—————————————————— How To Make The Perfect: Cornbread | Houston Press

Recipes

How To Make The Perfect: Cornbread

Cornbread is that most essential and vital of Southern staples: eaten as a meal on its own or as an accompaniment to a greater spread, eaten as a savory dish or as a dessert slathered with butter and honey, eaten for breakfast, lunch or dinner -- and sometimes all three.

Any good Southerner -- and, by way of subtle extension if you count East Texas and the Gulf Coast as tangentially Southern, any good Texan -- should be able to cook a skillet of cornbread. If you don't know how, you can remedy that with our tried and true cornbread recipe after the jump. But if you're a cornbread connoisseur with a recipe that you think deserves more than just a page in your church women's group cookbook, check out the Martha White® and Lodge® Cast Iron National Cornbread Cook-Off.

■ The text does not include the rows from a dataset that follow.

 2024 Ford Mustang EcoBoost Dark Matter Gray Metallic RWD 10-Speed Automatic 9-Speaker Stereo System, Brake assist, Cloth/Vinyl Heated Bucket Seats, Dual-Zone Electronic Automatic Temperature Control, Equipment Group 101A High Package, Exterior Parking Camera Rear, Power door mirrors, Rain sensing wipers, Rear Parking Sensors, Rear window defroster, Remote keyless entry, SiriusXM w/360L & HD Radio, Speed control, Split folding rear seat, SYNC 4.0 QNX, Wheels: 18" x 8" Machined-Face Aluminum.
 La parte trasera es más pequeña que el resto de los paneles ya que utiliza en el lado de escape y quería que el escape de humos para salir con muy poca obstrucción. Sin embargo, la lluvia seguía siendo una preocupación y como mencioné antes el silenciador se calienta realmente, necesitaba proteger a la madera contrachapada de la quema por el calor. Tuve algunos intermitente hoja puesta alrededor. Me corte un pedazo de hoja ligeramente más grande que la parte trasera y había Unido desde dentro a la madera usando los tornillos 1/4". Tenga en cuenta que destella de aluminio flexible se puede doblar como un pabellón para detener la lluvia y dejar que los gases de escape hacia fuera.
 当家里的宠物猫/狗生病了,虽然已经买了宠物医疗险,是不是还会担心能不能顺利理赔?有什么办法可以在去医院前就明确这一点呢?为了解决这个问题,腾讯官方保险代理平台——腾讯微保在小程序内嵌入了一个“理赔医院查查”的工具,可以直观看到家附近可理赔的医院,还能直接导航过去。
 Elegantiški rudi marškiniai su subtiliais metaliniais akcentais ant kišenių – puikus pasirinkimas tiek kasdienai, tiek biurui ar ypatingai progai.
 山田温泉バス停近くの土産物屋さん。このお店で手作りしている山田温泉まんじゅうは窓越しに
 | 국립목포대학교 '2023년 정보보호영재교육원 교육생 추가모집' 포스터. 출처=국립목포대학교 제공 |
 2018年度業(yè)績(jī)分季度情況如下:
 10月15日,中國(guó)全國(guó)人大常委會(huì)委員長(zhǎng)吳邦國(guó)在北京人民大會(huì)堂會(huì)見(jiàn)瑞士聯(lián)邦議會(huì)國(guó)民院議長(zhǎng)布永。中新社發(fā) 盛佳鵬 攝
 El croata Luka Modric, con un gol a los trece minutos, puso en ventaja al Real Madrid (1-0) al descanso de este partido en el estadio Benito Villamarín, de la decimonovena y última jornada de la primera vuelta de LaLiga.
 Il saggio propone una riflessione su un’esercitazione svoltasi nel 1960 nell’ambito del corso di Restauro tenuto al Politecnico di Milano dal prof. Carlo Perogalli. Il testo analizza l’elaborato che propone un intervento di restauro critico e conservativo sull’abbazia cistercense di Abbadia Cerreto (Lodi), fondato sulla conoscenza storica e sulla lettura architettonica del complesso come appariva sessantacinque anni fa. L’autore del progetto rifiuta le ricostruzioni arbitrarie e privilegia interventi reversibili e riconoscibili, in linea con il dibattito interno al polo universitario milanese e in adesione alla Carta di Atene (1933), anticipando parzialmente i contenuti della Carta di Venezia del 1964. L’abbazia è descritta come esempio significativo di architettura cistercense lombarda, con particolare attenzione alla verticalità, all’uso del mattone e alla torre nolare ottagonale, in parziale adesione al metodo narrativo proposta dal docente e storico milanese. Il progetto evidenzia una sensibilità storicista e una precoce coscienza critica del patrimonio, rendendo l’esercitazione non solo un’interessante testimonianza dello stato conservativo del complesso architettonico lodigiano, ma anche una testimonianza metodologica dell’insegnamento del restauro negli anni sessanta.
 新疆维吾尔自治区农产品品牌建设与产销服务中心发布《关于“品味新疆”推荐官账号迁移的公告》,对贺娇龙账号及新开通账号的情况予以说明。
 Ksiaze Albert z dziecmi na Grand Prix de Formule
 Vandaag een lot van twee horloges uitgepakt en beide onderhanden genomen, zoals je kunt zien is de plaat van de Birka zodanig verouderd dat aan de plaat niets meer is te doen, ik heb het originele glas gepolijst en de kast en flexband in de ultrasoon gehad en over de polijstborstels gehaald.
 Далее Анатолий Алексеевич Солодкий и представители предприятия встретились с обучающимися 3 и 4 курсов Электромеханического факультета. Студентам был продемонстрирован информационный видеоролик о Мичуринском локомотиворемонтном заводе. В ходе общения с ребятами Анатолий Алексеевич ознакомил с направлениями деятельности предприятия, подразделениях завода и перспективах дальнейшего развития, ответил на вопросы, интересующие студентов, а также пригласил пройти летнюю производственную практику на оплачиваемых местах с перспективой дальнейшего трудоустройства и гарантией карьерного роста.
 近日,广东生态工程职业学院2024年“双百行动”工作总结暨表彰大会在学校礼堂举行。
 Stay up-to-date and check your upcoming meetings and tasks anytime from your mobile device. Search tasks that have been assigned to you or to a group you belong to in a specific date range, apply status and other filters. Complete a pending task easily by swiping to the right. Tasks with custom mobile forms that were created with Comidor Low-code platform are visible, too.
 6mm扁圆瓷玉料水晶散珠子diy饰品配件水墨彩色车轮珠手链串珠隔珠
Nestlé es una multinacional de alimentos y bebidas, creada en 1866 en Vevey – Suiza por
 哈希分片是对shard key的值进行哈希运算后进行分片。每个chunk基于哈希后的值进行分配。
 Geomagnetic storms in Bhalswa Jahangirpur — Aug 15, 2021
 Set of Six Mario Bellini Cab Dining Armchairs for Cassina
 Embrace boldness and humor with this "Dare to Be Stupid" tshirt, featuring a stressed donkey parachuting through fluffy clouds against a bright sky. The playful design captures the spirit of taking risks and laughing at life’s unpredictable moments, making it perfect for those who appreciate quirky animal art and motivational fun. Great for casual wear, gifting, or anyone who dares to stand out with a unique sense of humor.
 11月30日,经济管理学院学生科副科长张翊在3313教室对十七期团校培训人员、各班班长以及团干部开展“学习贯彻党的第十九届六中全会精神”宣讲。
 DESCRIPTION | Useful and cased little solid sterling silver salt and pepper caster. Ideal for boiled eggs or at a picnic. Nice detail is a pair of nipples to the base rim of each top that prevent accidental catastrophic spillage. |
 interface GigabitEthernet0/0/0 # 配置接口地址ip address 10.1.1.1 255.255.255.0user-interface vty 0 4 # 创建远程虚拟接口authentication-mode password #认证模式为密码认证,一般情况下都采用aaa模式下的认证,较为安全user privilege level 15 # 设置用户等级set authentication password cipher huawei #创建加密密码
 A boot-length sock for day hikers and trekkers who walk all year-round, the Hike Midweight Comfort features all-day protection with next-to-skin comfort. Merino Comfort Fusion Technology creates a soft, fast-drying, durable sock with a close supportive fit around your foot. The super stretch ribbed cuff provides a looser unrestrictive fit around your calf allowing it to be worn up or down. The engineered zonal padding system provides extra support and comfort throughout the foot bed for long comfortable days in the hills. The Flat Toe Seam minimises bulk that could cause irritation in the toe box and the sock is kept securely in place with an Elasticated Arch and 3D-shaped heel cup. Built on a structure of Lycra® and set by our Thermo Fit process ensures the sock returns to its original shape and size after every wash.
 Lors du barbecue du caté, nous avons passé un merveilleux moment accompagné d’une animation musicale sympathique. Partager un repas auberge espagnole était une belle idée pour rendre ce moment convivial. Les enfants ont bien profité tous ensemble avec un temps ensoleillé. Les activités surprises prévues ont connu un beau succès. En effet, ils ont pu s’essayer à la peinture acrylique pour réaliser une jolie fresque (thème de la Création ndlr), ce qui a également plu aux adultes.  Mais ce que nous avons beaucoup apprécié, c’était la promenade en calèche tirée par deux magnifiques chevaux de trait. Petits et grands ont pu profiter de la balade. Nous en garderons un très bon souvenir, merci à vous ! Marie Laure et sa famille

Ten finalists in the National Cornbread Cook-Off will compete for a nifty first-place prize that includes a stainless steel gas range that costs more than our car and $5,000 in cash (useful for running gas lines into your house if you win that stove). You must submit your recipe to the contest by March 1. The recipe must contain Martha White cornbread mix, and it must be cooked in Lodge Cast Iron cookware.

To submit your recipe, head over to www.marthawhite.com and click on "News and Promotions." You can also email it to cornbread at dvl.com, along with your name, address, daytime phone number, date of birth and grocery retailer (we dare you to put Circle K as your "grocery retailer").

But for those of you who just came here for a cornbread recipe, look no further.

Creamy Cornbread

Serves 4 (at 2 pieces each)

  • 2 c. stone-ground yellow cornmeal
  • 1 tsp kosher salt
  • 1 Tbs sugar
  • 2 tsp baking powder
  • 1/2 tsp baking soda
  • 1 1/4 c. buttermilk
  • 2 eggs
  • 1 1/2 c. creamed corn
  • 1 1/2 Tbs vegetable oil

Preheat oven to 425 degrees F. Place a well-seasoned (read: good and juicy) cast-iron skillet into the oven while it preheats.

In one bowl, combine the cornmeal, salt, sugar, baking powder, and baking soda and whisk to combine. In a another bowl, combine the buttermilk (we cannot stress enough how important it is to use buttermilk), eggs and creamed corn and stir until combined. Slowly add the dry ingredients to the liquid ingredients and stir to combine.

Remove the cast-iron skillet from the oven. Carefully add vegetable oil to the cast iron skillet and then pour the batter into the skillet. Bake until the cornbread is golden brown and springs back upon the touch, about 25 minutes. If your skillet is well-seasoned, the cornbread will slip right out and onto your plate.